* [LISTED ENTRIES]:

○ ○ ○ ○ ○

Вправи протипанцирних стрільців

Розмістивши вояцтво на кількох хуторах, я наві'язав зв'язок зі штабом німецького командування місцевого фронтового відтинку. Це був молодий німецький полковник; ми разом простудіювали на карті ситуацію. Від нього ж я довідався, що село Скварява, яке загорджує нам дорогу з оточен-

○ ○ ○ ○ ○

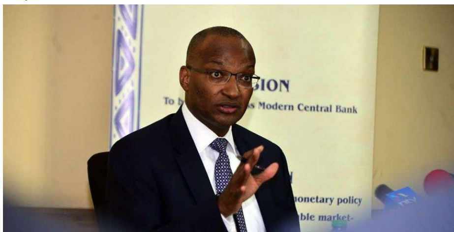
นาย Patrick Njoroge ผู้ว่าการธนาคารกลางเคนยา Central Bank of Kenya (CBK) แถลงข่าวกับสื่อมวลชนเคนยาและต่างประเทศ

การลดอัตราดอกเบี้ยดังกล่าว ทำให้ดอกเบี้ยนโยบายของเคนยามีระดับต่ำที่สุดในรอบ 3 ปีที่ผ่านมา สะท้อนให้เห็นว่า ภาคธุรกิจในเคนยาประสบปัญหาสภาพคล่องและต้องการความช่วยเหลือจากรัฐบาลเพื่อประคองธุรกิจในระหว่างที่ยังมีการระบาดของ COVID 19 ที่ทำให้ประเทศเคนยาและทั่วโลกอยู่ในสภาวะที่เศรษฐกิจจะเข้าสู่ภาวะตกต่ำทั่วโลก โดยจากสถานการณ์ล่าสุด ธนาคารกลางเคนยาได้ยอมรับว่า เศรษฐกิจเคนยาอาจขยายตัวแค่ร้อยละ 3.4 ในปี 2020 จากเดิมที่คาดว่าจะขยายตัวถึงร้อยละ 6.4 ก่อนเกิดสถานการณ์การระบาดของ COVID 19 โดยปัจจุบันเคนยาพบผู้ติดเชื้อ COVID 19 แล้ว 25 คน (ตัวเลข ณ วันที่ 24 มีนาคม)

○ ○ ○ ○ ○

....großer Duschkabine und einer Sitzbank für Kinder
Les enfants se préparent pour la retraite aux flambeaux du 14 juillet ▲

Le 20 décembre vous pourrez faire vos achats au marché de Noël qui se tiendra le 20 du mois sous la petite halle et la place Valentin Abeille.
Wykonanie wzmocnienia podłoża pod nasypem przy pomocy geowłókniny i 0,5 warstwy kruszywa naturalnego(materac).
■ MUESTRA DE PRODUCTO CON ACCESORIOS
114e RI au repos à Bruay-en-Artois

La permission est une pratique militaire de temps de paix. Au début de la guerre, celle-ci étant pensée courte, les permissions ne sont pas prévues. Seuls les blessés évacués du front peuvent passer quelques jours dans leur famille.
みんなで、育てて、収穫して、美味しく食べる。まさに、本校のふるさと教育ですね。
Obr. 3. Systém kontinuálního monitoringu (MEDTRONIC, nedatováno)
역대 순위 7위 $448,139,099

○ ○ ○ ○ ○

* [WHAT THE EXERCISE ASKS]:
Reproduce verbatim the lines above, from the line with "Вправи протипанцирних стрільців" through the line with "Розмістивши вояцтво на".

* [OUTPUT FOR THIS TASK]:
Вправи протипанцирних стрільців

Розмістивши вояцтво на кількох хуторах, я наві'язав зв'язок зі штабом німецького командування місцевого фронтового відтинку. Це був молодий німецький полковник; ми разом простудіювали на карті ситуацію. Від нього ж я довідався, що село Скварява, яке загорджує нам дорогу з оточен-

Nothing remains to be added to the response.